━━━━━ DATASET CONTENT ━━━━━
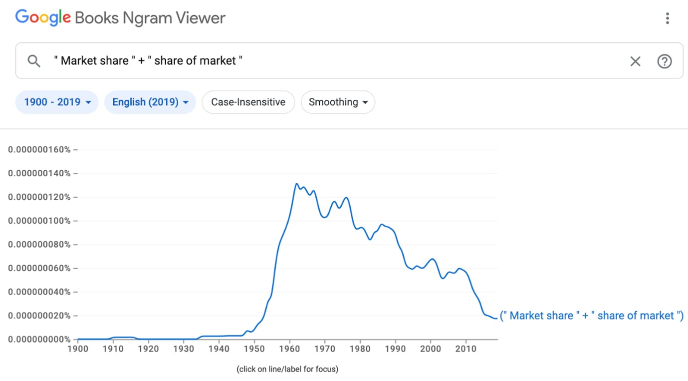 Share of market (or market share) is the Patient Zero of all the ‘share of’ metrics. It really caught on from the 1950s onwards with the explosion of mass production and mass consumerism, as global markets grew, competition intensified and assessing a company’s market position relative to competitors became a priority.
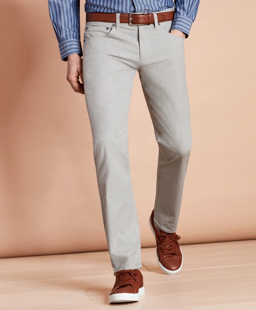 For a cool alternative to your favorite chinos or denim, try these lightweight pants made from cotton poplin with a hint of stretch added for comfort. Styled with a zip fly and button closure, striped pocket bags and chambray along the inner waistband. Our logo appears on a leather tag at the back pocket.
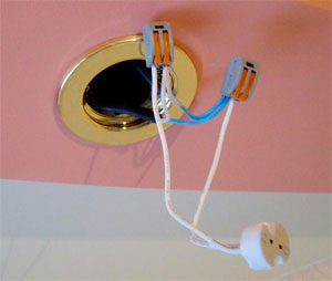 Крепление потолочных светильников получается прочным, надежным, но не разъемным. Более простой способ подразумевает использование разъемов с определенным количеством входов, к которым подключаются провода. Кроме того существуют специальные приспособления – клеммники, они стоят дороже, но провода в этом случае задача, как подключить споты на потолке, решается быстро, легко и прочно. Можно воспользоваться клеммными колодками с винтовым соединением, они также обеспечивают надежное подключение, но для подачи напряжения на все провода необходимо установить дополнительно перемычки на задействованные клеммы.
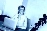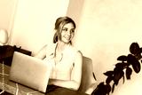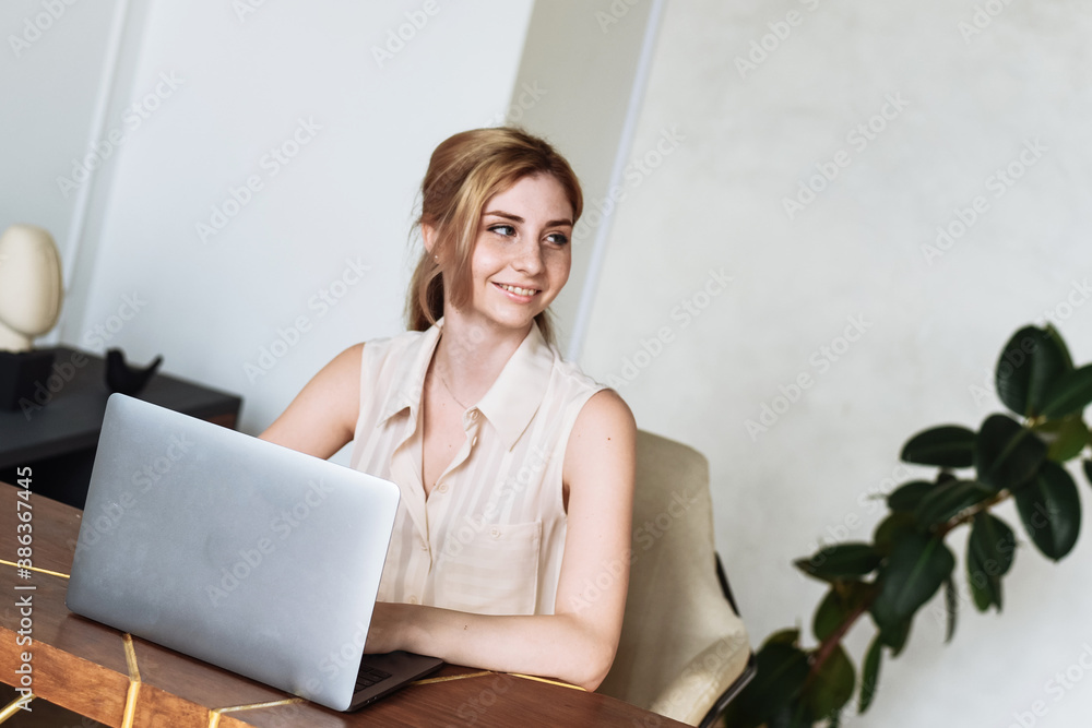 Freelancer, businesswoman working from home sitting at a table in a laptop. A woman works in a bright interior during quarantine due to a coronavirus
━━━━━
> _WORK INSTRUCTIONS_
Copy verbatim the span that begins at the line containing "For a cool alternative" and ends at the last line of the material, inclusive of both; exclude pictures.

> _SOLUTION TO THIS PROBLEM_
 For a cool alternative to your favorite chinos or denim, try these lightweight pants made from cotton poplin with a hint of stretch added for comfort. Styled with a zip fly and button closure, striped pocket bags and chambray along the inner waistband. Our logo appears on a leather tag at the back pocket.
 Крепление потолочных светильников получается прочным, надежным, но не разъемным. Более простой способ подразумевает использование разъемов с определенным количеством входов, к которым подключаются провода. Кроме того существуют специальные приспособления – клеммники, они стоят дороже, но провода в этом случае задача, как подключить споты на потолке, решается быстро, легко и прочно. Можно воспользоваться клеммными колодками с винтовым соединением, они также обеспечивают надежное подключение, но для подачи напряжения на все провода необходимо установить дополнительно перемычки на задействованные клеммы.
 Freelancer, businesswoman working from home sitting at a table in a laptop. A woman works in a bright interior during quarantine due to a coronavirus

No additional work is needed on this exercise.